- 「繋がりの時代なのに、なぜか満たされない・・」と、孤独を感じることはありませんか。
- 実は、人類史上、最も「コミュニティ不足」なのが、現代なのです。
- なぜなら、人は暮らし方を自由にできましたが、それとは引き換えに所属しなければならないコミュニティ(ムラ、家族、等)からも自由になってしまったのです。
- 本書では、講談社で編集者として世に「ドラゴン桜」や「宇宙兄弟」など人気作品を送り出し、独立。ご自身の会社では、オンラインコミュニティも運営している佐渡島さんから、現代のコミュニティのあり方について学べます。
- 本書を読み終えると、現代に必要なコミュニティと、その作り方についての方向性を見つけられるでしょう。
今まで、人は、意志とは関係なく、コミュニティに所属していた。
問題は、コミュニティをあまりにも自明のこととして捉えていたので、その知識をまだ誰も持っていないことだ。
安心と自由、どちらを選ぶ?
本書の導入でやっぱり目を引くのは、タイトルじゃないでしょうか。We are lonely, but not alone. 私たちは孤独だ、でもひとりじゃない。うーん、たしかにそうだなぁと思いつつも、孤独を受け入れられない自分もいるなぁと思ったりしました。

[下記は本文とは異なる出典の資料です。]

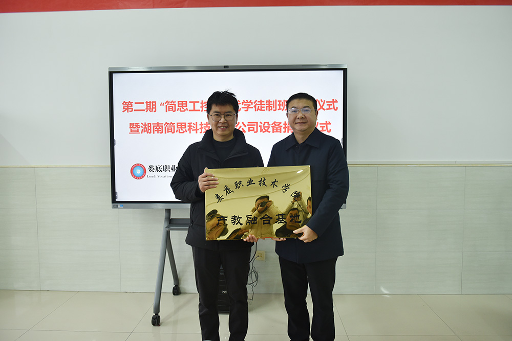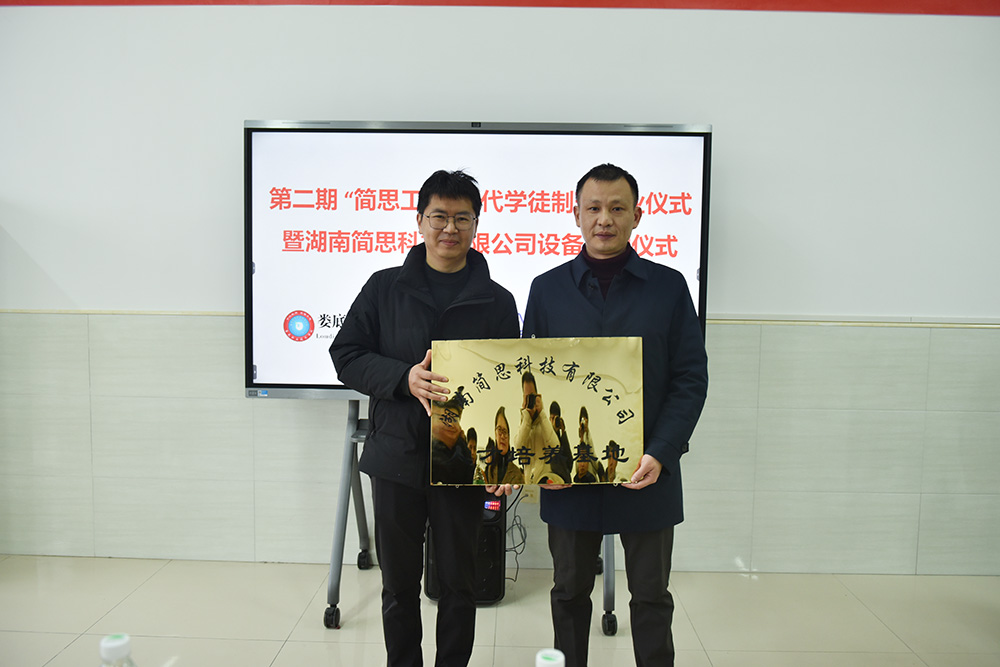 简思工控总经理黄先志授予娄底职院“湖南简思科技有限公司人才培养基地”牌匾。
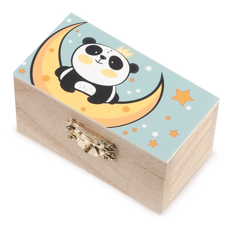 Ξύλινο natural σεντούκι με μεταλλικό κούμπωμα. Είναι διακοσμημένο με αυτοκόλλητο print panda.
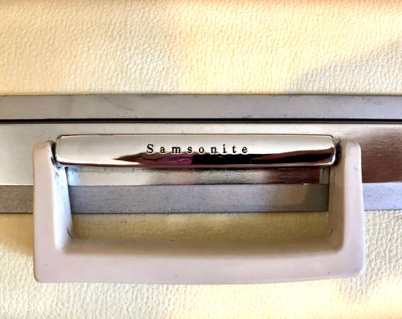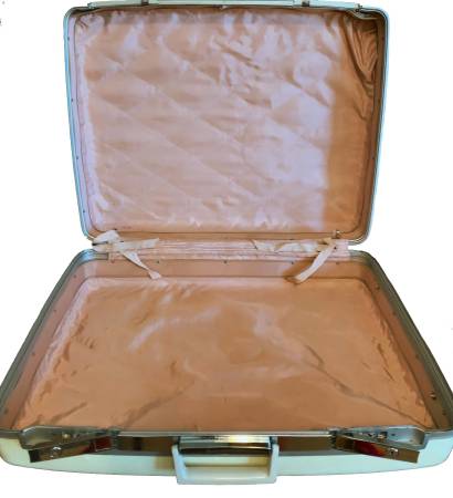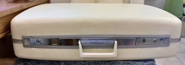 The item has been thoroughly cleaned and deodorized inside and out. The exterior shell has a few scratches which are commensurate with the item’s age and use; they are readily camouflaged with a translucent “natural” color putty wax filler crayon like Mohawk Fil-Stik. To go by the ads for this line of luggage, the “Polar White” shell was not originally a uniform off white but rather was meant to look somewhat mottled as if a slightly darker tone had been sponged across the surface. The item in this posting is gratifyingly less splotchy.
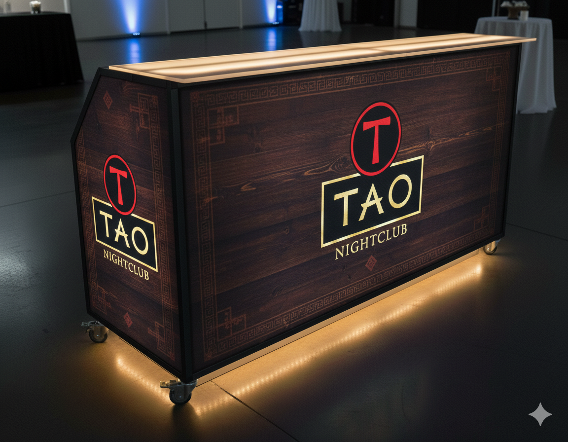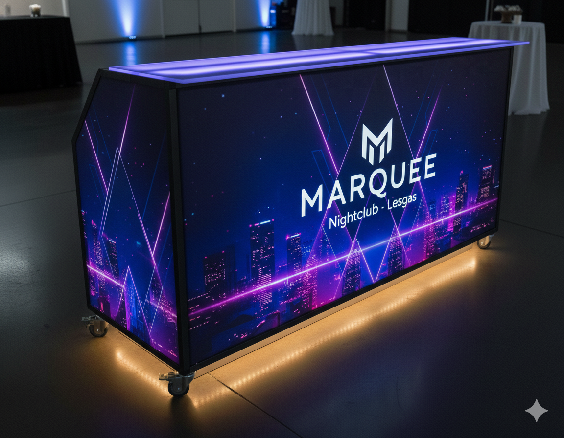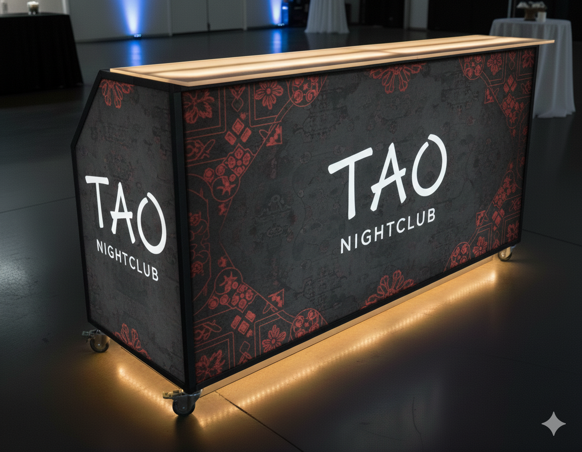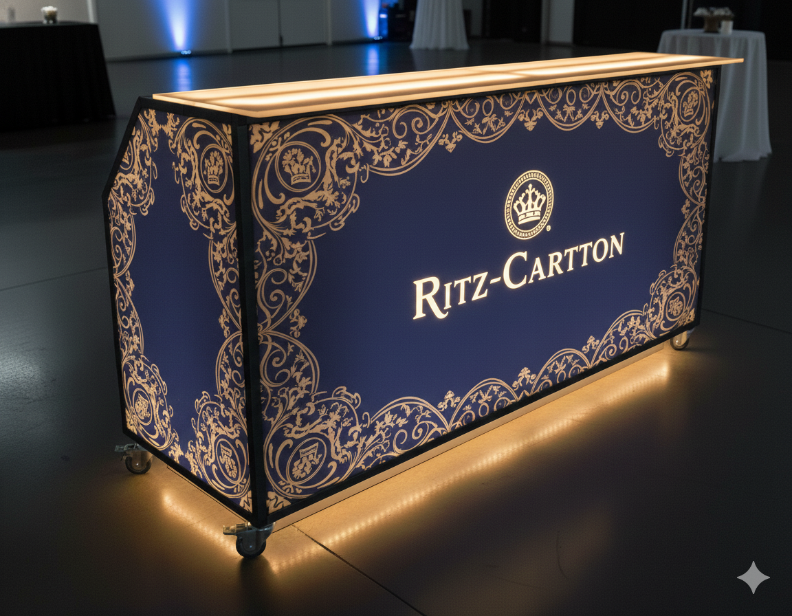 Keywords: custom mobile bar, LED portable bar, branded event bar, folding bar with lights, UV printed bar, portable cocktail station, mobile bar for weddings, resort bar rental, liquor brand activation bar.
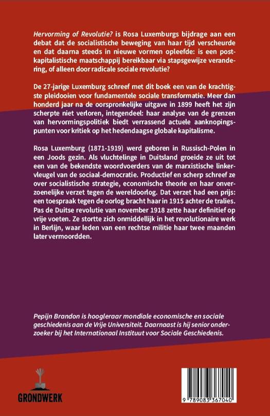 Hervorming of Revolutie? is Rosa Luxemburgs bijdrage aan een debat dat de socialistische beweging van haar tijd verscheurde en dat daarna steeds in nieuwe vormen opleefde: is een post-kapitalistische maatschappij bereikbaar via stapsgewijze verandering, of alleen door radicale sociale revolutie?
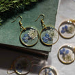This etherial pair of earrings was made keeping magic and spark in mind. We collected blooms of Queen Anne's lace and Blue Lobelia flowers, preserved them and cast them in crystal clear resin in a pair of glitzy, tinsel rims. A pair of earrings encasing magical spark straight from nature.
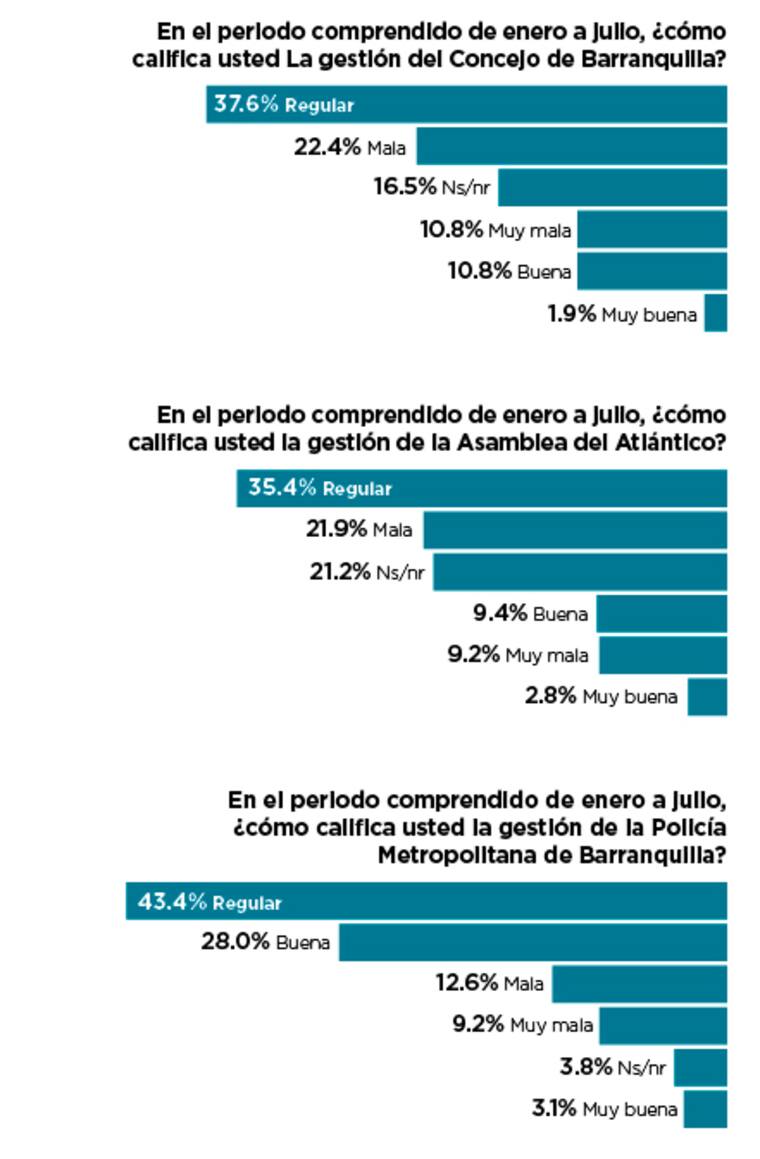 Tal evaluación se refleja en la ubicación de la inseguridad como el problema que más afecta a Barranquilla con un 44,9%, seguido por desempleo y movilidad. Siendo el primero responsabilidad de la Policía y el segundo y tercero de la Alcaldía.

著者は、誰もが感じたことのある孤独について、「コミュニティのなさ」をひとつの原因として語ってくれています。名は体を表すという言葉があるように、人間というのは、人と人の間と書くんですね。まさに、実は人を人たらしめているのは、コミュニティがもたらす繋がりなのです。
これまで、人間は、(変な言い方ですが)繋がりたがろうが、繋がりたくなからろうが、コミュニティに所属してきました。たとえば、家族、地域、学校などなど。
「単身化世帯」が増加する中で、コミュニティのあり方が問われています。でも、私たちにとってコミュニティは、ごくごく当たり前の存在であたからこそ、それをイチから作ることを知らないと言います。
しかし!!!
現代は、インターネットがあります。インターネットは、人と人を簡単に繋げられて、コミュニティに自由をもたらしました。新しいつながりの可能性がオンラインを活用した先にあるかもしれません。
まずは、安全・安心。その後に熱狂でコミュニティが大事。
コミュニティの中に、強い人、偉い人がいる。この思い込みをすべての人が持っている。本当にコミュニティの中を安全・安心の場にしようと思ったら、その思い込みを、すべてのメンバーが捨てる必要がある。
強い人なんていない
コミュニティは、人と人の間をつなぐものです。だからこそ、人と人がお互いに心的安全性を感じられるかがポイントです。
著者は、自己紹介をないがしろにしないように!と言います。自己紹介を充実化させるのって、自己アピールなの?って、思いがちなんですが、でも、自己紹介をしっかりしないことは、コミュニティにおいて、自分勝手な行動だそうです。その場にいるメンバーにとって、安心のために、自分をさらけ出す必要があるそうです。
互いにイメージがわからない状態から抜け出して、互いのことを知り、自分を出せる信頼の土台を作ることが大切です。
著者は、村上春樹さんの引用を引き合いに出します。
「強い人間なんてどこにも居やしない。強い振りのできる人間が居るだけさ」
『風邪の歌を聴け』村上春樹
コミュニティのポイントは、フラットだとも言います。実は、えらい人もおらず、えらくない人もいなくて、何があるかと言うと、自分の先入観だけだそうです。
信頼と編集で、コミュニティを居場所にしよう。
安全・安心を確保した後に目指すのは、進行ではなく、信頼だ。
信仰ではなく、信頼へ
著者は、編集者なので、編集のステップとコミュニティの運営を重ね合わせます。
編集は、
・集めて、
・削って、
・並び替えて、
・補足する。
だそうです。
コミュニティも、熱狂なファンの存在が大切だと思いますが、まずは削ぎ落とすことが大切です。「安心と安全」に特化することだと言います。
まとめ
- 今まで、人は、意志とは関係なく、コミュニティに所属していた。――必然的に所属しないといけないコミュニティが減ってしまって、コミュニティ選択の自由が、逆に不自由になってしまっています。
- まずは、安全・安心。その後に熱狂でコミュニティが大事。――人は、心の安全性を作って、はじめてつながりを持てます。そのために、自己紹介を丁寧に大切にしましょう。
- 信頼と編集で、コミュニティを居場所にしよう。――コミュニティづくりも編集と一緒で、全てを詰め込むのではなく、削ぎ落とす心構えで「安心と安全」の基礎を作りましょう。
コミュニティに関して、客観的な視点と具体的な視点で、いろいろな気付きが得られます。私は、必然的に所属するコミュニティが減ってしまっている環境と、実は、自己紹介を丁寧に作り安心安全を土台にすることが大事!という点が、面白かったです。